TORONTO — Creating memorable women onscreen isn’t just an artistic choice for director Terence Davies. It’s how he was raised.

“I grew up at a time when movies were all about heroines. “All That Heaven Allows,’’ “Love Is a Many Splendored Thing,’’ “Magnificent Obsession,’’ . . . I grew up on that,’’ says Davies, whose early autobiographical features “Distant Voices, Still Lives’’ (1988) and “The Long Day Closes’’ (1992) gave poetic voice to his hardscrabble childhood in postwar Liverpool and the solace and escape he found at the cinema.

Davies’s later films have centered around screen heroines every bit as formidable as the characters once commanded by Jennifer Jones and Jane Wyman. These include Gena Rowlands as spirited Aunt Mae in “The Neon Bible’’ (1995), Gillian Anderson as socialite Lily Bart in “The House of Mirth’’ (2000), and Rachel Weisz as adulterous Hester Collyer in “The Deep Blue Sea’’ (2011). His latest, “Sunset Song,’’ which premiered at the 2015 Toronto International Film Festival and opens in the Boston area on Friday, again displays Davies’s penchant for stories anchored by unconventional women constrained by social mores. It’s a pattern that will continue with his upcoming “A Quiet Passion,’’ starring Cynthia Nixon as 19th-century American poet Emily Dickinson.

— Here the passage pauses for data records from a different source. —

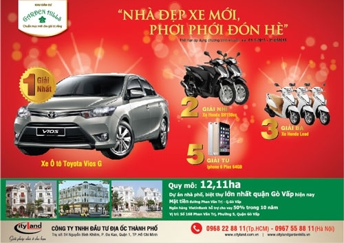 Theo đó, kể từ nay đến ngày 31-5, khi mua sản phẩm nhà ở tại các dự án đang mở bán của Cityland, khách hàng có cơ hội rút thăm trúng thưởng chương trình “Nhà đẹp xe mới, phơi phới đón hè” với tổng giải thưởng lên đến hơn 1 tỉ đồng (ảnh).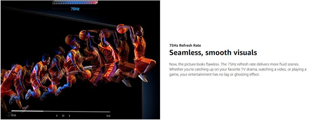 - SEAMLESS, SMOOTH VISUALS: Now, the picture looks flawless. The 75Hz refresh rate delivers more fluid scenes. Whether you're catching up on your favorite TV drama, watching a video, or playing a game, your entertainment has no lag or ghosting effect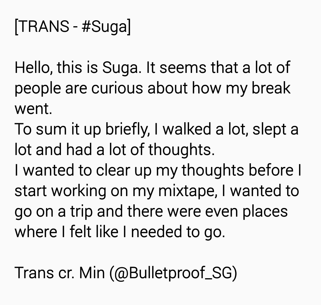 @BTS_twt (翻譯) 大家好 我是SUGA。大家對我的休假感到很好奇。要說的簡單點的話,走了很多睡了很多想了很多。製作mixtape前想要整理思緒,想要去旅行。也有著一定要去的地方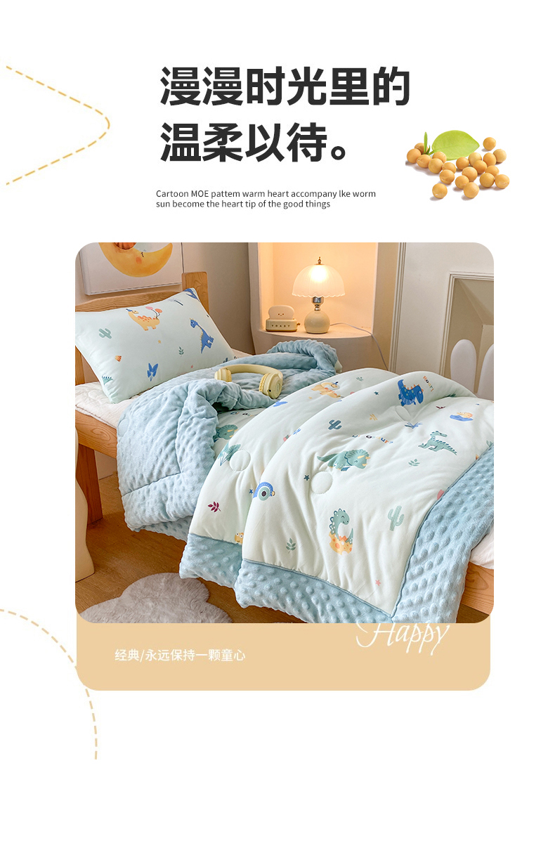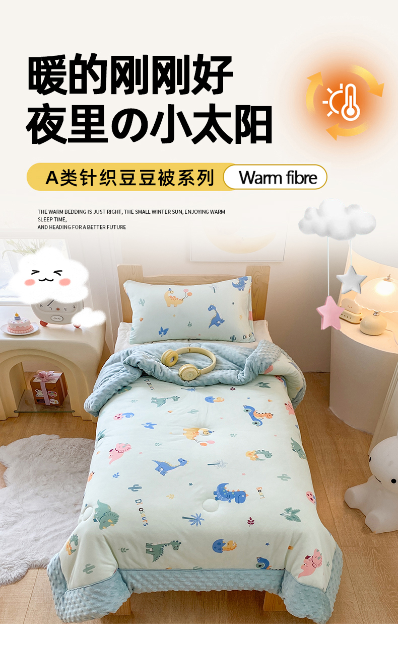 天瑜家纺 2025新款针织棉手包豆豆被儿童被大豆被被子被芯 手包边 恐龙乐园绿

“Sunset Song’’ is adapted from Scottish author Lewis Grassic Gibbon’s 1932 novel. It blends the intimacy of Davies’s early films with an epic visual and thematic scope that’s new for him. The film chronicles the struggle of an educated young woman, Chris Guthrie (Agyness Deyn), to run her family’s farm in rural northeast Scotland at the dawn of the 20th century. Along with marriage and motherhood, Chris faces personal tragedy, physical hardship, and the rumbling threat of the Great War.

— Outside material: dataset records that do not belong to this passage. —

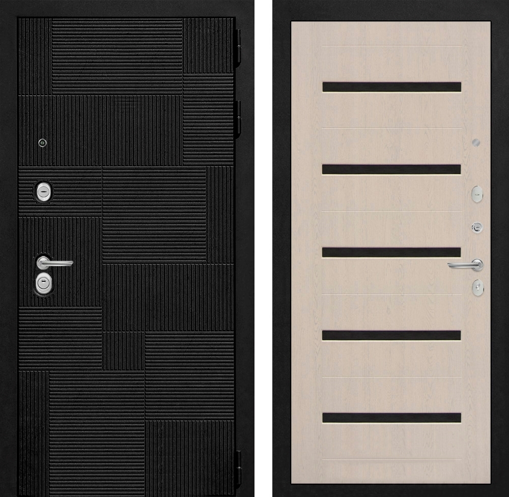 Входная стальная дверь Лабиринт Pazl-Пазл 01 - Беленый дуб, стекло черное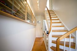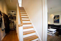 Trappeopgangen skaber en smuk, klassisk gennemgang mellem etagerne og binder hjemmet sammen med en fornemmelse af lys og luft. Et hus med sjæl, funktionalitet og masser af plads til familieliv i unikke omgivelser.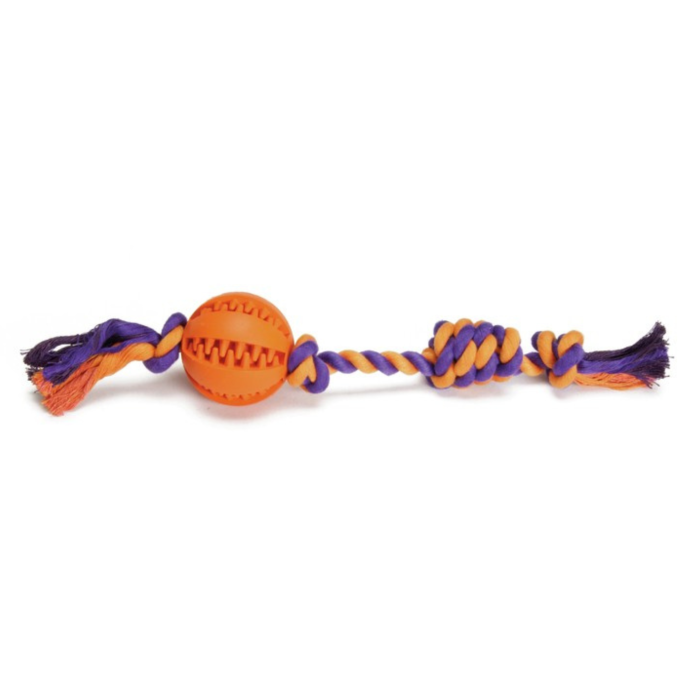 Questi giochi, robusti e resistenti, faranno la felicità del tuo quattrozampe che potrà divertirsi con questo passatempo costituito dalla riproduzione di un osso grazie al cotone intrecciato e da una pallina in gomma al centro, la cui forma aiuterà anche la pulizia dei denti dell'animale.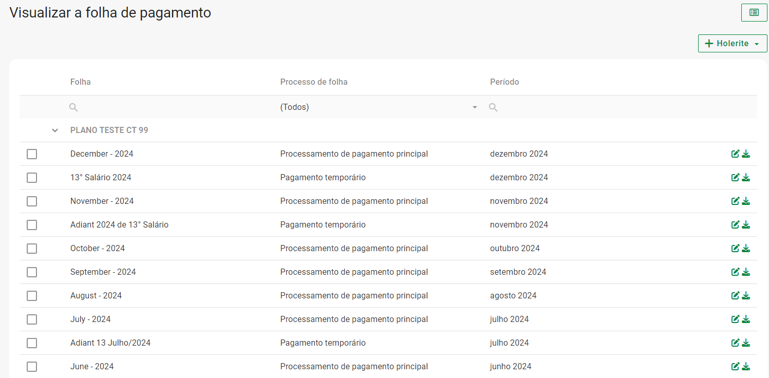 Navegar > Processamento de Folha de Pagamento > Editar Holerite

Despite the grandeur of this epic story, Davies worked with a modest budget due, he says, to his insistence on casting actors, not stars.

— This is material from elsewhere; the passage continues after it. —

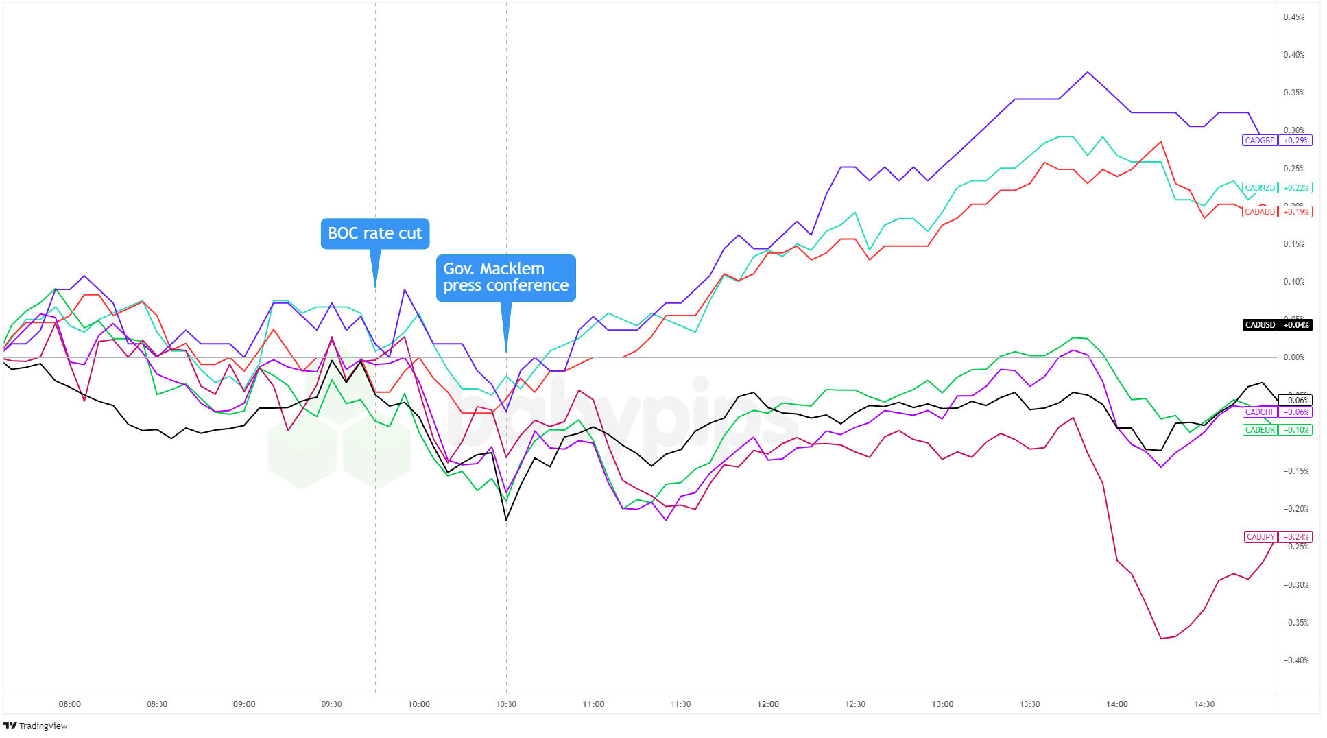 The Canadian dollar started edging lower near the U.S. session open and saw a fresh and broad-based bearish swing at the BOC’s jumbo rate cut.

“I cast the actor who gives the best audition. The name makes no difference to me,’’ he says. “I’m not prepared to base a movie on a name in order to raise money. Big names won’t take direction and if anyone refuses to take direction, I will really lose my temper and say, ‘That’s what you’re being paid for. Just do it.’?’’

He shot the sweeping exteriors of the Scottish landscape on 65mm film. Such ambition on a small budget, says Davies, is all about preparation. “I know what the shots are; I know what it should look like,’’ he says. “While shooting, I get the actors in, run the scene, and do it in less than four takes. That captures the sense of newness.’’

Dyen, a British model turned actress, says playing Chris Guthrie was like having five roles in one film. Dyen sought the taxing part because, with Davies at the helm, “this was going to be an experience I was never going to forget — a turning point in my life as an actress and a woman.

“I do feel changed,’’ she says. “When [Davies] talks to you, every fiber of his being is electric and alive and passionate.’’

She says most scenes were done in one take and on one set. “Terence is very sensitive; he doesn’t want you to go through it again. He takes on so much responsibility and it weighs on him quite heavily. So we’d just go for it.’’

“Sunset Song’’ depicts life as both bountiful and unforgiving, like the land itself. It also offers a searing indictment of the rush to war and its devastating cost.

The Great War “scarred Europe even to this day. Everyone across Europe lost someone,’’ says Davies. “The corollary to that is Britain’s obsession with the second World War because that’s the last time we were important. It’s pathetic, really. It’s a long time ago; we’re not an empire anymore.’’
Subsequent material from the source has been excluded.